If I were an editor, I would question the use of "so". The words "so", "very" and the like are weak-link words with little real meaning. There should be another way to describe what is going on, or even cut the word out with no adverse effects.

Great story, well-written.

Thanks for sharing


----------



## RebelliousFantasyLover

*Kool*

Keep it up and I'm looking forward to the next bit!!!

RFLxx


----------



## cat_smh

Aaah!!  Don't stop posting!!! :shock: ale:  
I know I hardly ever post any more, but I still check in every couple of days to see if you've written any more.  I'd be lost without my Raven updates :cry:.  You just can't stop.  Ever.


----------



## Akroma

lol ok. I feel significantly heartened! Thanks everyone. The play must go on ;-p


----------



## Evangelos

Akroma, very beautiful chapters. I only got to chapter 5 tonight, it is super late here and I have sunday school tomorrow. Bleh. Anyway, I will so be reading the rest tomorrow after I settle my new horse in. Swear.


----------



## Akroma

> Akroma, very beautiful chapters. I only got to chapter 5 tonight, it is super late here and I have sunday school tomorrow. Bleh. Anyway, I will so be reading the rest tomorrow after I settle my new horse in. Swear.




Thanks, Evangelos  and to all those other fab people that have just started reading. I know it's really long now and it's quite a lot to read off a computer screen but thank you for sticking it out. Always appreciated ;-) I just hope you enjoy it!
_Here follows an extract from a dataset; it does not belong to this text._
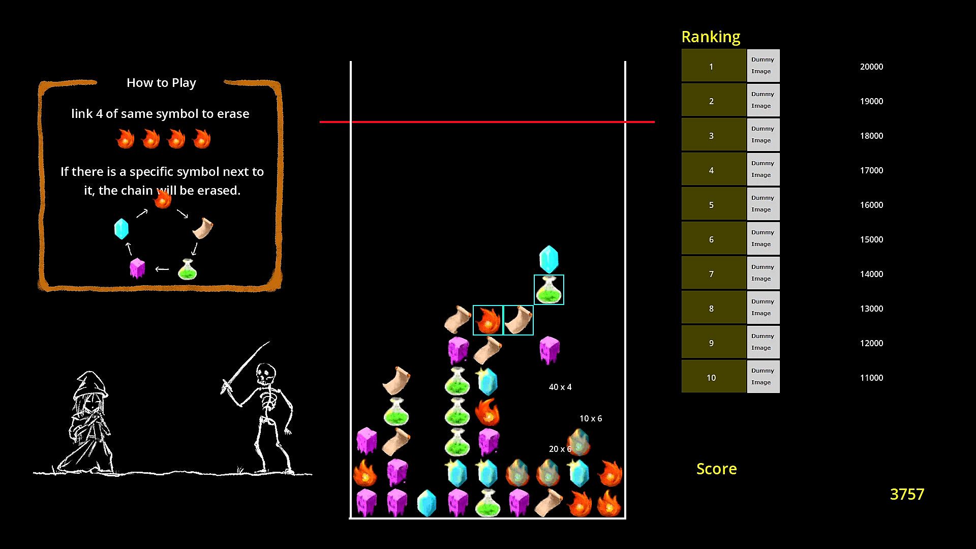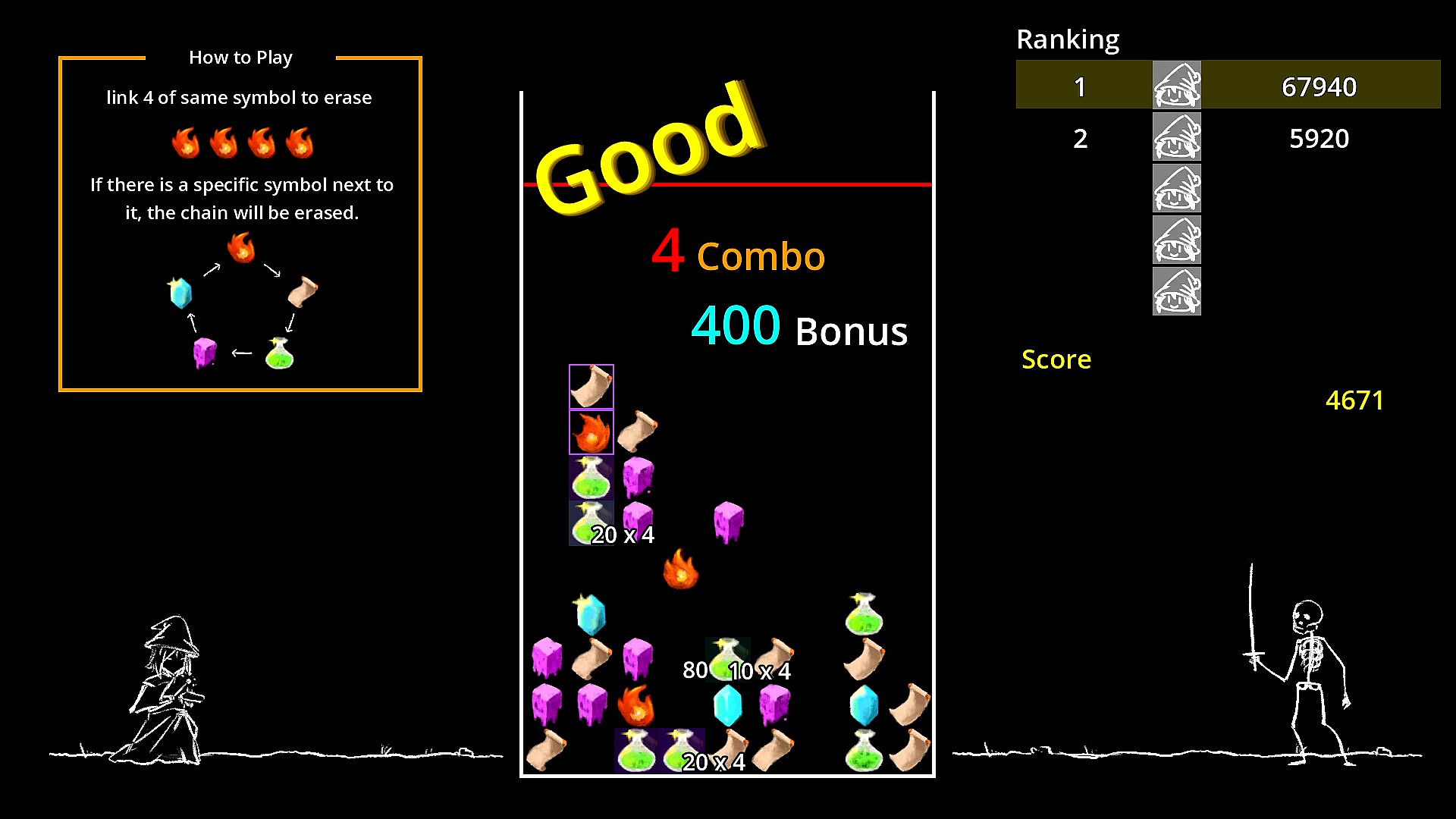 A a bit unique about Vanishtan. when four or more connected symbols are Vanish, the other symbols next to them are Vanish in a chain reaction. For example, if four ice symbols are connected and Vanish, Adjacent fire symbols will be Vanish in a chain reaction.
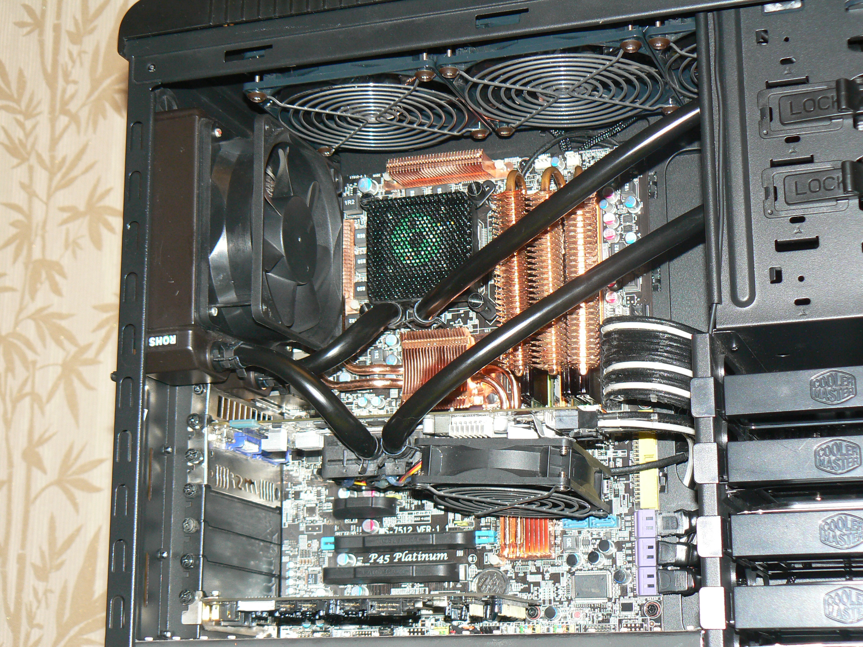Здравствуйте! Закончил сборку СВО на основе Н-80 и Н-100: - помпы/водоблоки от Н-80 и Н-100; - шланг 10/13мм; - резервуар xspc; - в системе заменены радиаторы на медные 1х120 и 3х120; - над врм видеокарты стоит вентилятор 92мм; - порезан корпус, сверху для установки радиатора 3х120 и сзади для установки радиатора 1х120 фитингами вниз; - с помп/водоблоков сняты верхние крышки с контроллерами вентиляторов. водоблоки закрыты сеткой (от гриля динамиков поменьше 15 гдш...). Разница в темпаратурах от замены прадиаторов минимальная - нехватает производительности помп скорее всего (осталось сделать помпу из движка жесткого диска). Температура под фильмами/музыкой/интернетом: видеокарта - 32градуса, процессор - 43градуса. Под играми в которые играю изредка температура процессора выше 70 ниразу не поднималась, а видео выше 50...

By the way, you have horses?! Lucky!


----------



## Akroma

Ok, finally here's the next bit lol. Although I have to warn you I've spent so long on it and I'm still not happy with it, but for some reason no matter what I do it's not getting any better :-( The whole story's so damn cliched anyway heh. It's not easy writing the emotional and transitional bits...much more fun writing the action scenes. Darn it I've got 3 or 4 major battles to write yet! Come on, Akroma - get though this and start with some action lol.


I looked up as I felt a hand on my shoulder and saw Galahad standing over me.

“How is he doing?” he asked as he pulled up a chair.

I looked at Sethis, his skin pale and his breathing barely a whisper. He looked almost dead lying there completely motionless.

“It’s hard to tell,” I said, my voice hoarse from disuse. There was a pause. I wanted to say something about Keenar, that she had done the right thing; that I would have done it myself if I wasn’t such a coward, but I could not admit it to myself. I was still in shock – the possibility of losing Sethis any day now left me reeling but I knew it made no difference – risk it and lose him now or lose him later, his mortal life flashing by within a heartbeat. The years spent with him would have been all too short.

Galahad put an arm round my shoulders. “Sethis is strong, he will pull through. Lorcan will do everything he can to make sure of it.”

I nodded. “It must have been a hard decision to make when you turned Keenar.”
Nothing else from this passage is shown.